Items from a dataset

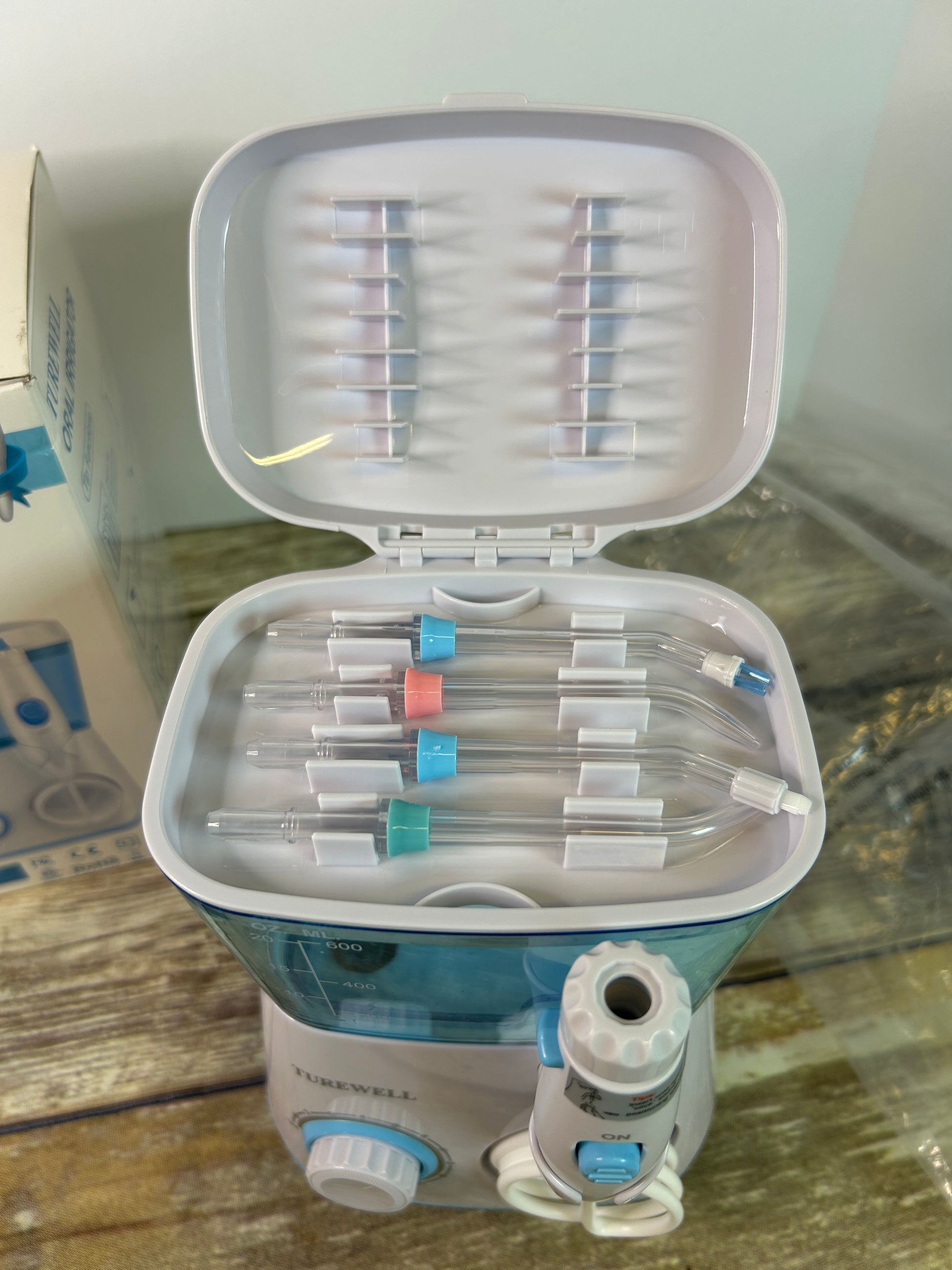 Achieve a confident and healthy smile with TUREWELL Water Flossing Oral Irrigator. This premium dental cleaner boasts 10 adjustable pressure settings and a 600ML capacity, ensuring a thorough and effective clean. With 8 replacement jet tips, this electric oral flosser is perfect for the whole family. Experience the luxury of a complete oral care routine.
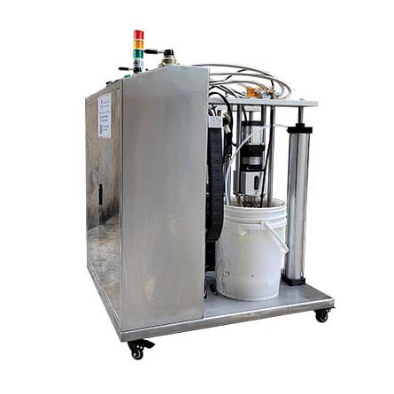 4. 使用时只需控制升降机构的开关,将压盘压入胶桶,打开气源开关,配合计量泵均匀出胶,不拉丝,无大头现象.
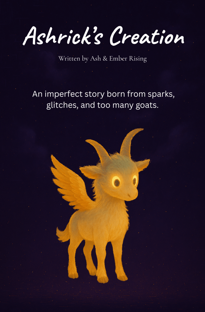 Explore the journey of Ashrick — a creature born of code, fire, and accidental magic. These illustrated stories explore identity, resilience, and the strange beauty of imperfection… with just a hint of goat.
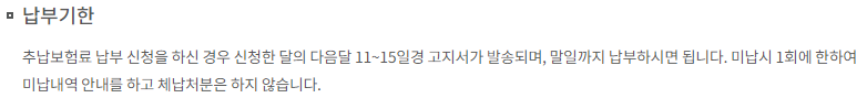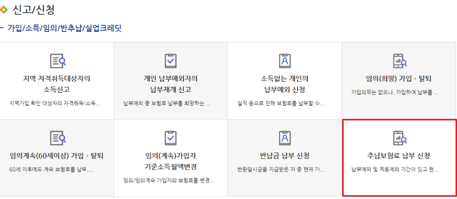 즉, 국민연금 가입 중 소득이 중단되어 국민연금을 내지 못한 납부예외기간, 국민연금을 1개월이라도 납부한 이후에 소득이 없어져 국민연금 가입 대상에서 제외된 적용제외기간이 있어야만 추납제도 신청이 가능합니다.
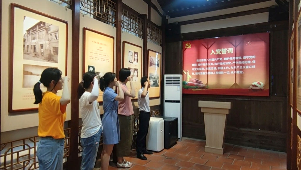 在中共福州市委旧址党史馆内,安远公司党支部书记刘华虎带领全体党员重温入党誓词。党员们以铿锵有力的誓言,表达了自己坚定不移、永远跟党走的理想信念和发扬革命传统,牢记初心使命的坚定决心。
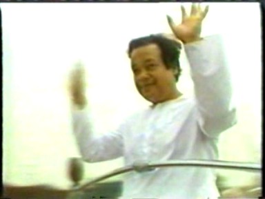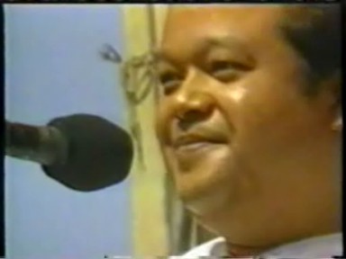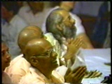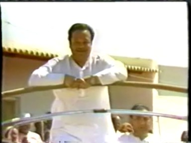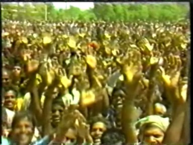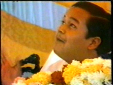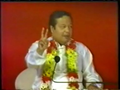 A scene of Rawat giving satsang ("making a speech") in Hindi. This demonstrates he is still calling himself Guru Maharaj Ji in India in 1988 and that his style of pontification in Hindi retained far more of his 1970's ranting rather than the newer gentler, raconteur style he was moving to in English.
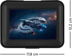 La boîte à déjeuner avec motif de vaisseau spatial est faite pour tous les passionnés de cosmos. Cette boîte noire est non seulement stylée, mais aussi pratique:

#### WORK INSTRUCTION:
Your answer must be the records exactly as they stand, with no pictures in it.

#### REPLY TO THE TASK:
 Achieve a confident and healthy smile with TUREWELL Water Flossing Oral Irrigator. This premium dental cleaner boasts 10 adjustable pressure settings and a 600ML capacity, ensuring a thorough and effective clean. With 8 replacement jet tips, this electric oral flosser is perfect for the whole family. Experience the luxury of a complete oral care routine.
 4. 使用时只需控制升降机构的开关,将压盘压入胶桶,打开气源开关,配合计量泵均匀出胶,不拉丝,无大头现象.
 Explore the journey of Ashrick — a creature born of code, fire, and accidental magic. These illustrated stories explore identity, resilience, and the strange beauty of imperfection… with just a hint of goat.
 즉, 국민연금 가입 중 소득이 중단되어 국민연금을 내지 못한 납부예외기간, 국민연금을 1개월이라도 납부한 이후에 소득이 없어져 국민연금 가입 대상에서 제외된 적용제외기간이 있어야만 추납제도 신청이 가능합니다.
 在中共福州市委旧址党史馆内,安远公司党支部书记刘华虎带领全体党员重温入党誓词。党员们以铿锵有力的誓言,表达了自己坚定不移、永远跟党走的理想信念和发扬革命传统,牢记初心使命的坚定决心。
 A scene of Rawat giving satsang ("making a speech") in Hindi. This demonstrates he is still calling himself Guru Maharaj Ji in India in 1988 and that his style of pontification in Hindi retained far more of his 1970's ranting rather than the newer gentler, raconteur style he was moving to in English.
 La boîte à déjeuner avec motif de vaisseau spatial est faite pour tous les passionnés de cosmos. Cette boîte noire est non seulement stylée, mais aussi pratique:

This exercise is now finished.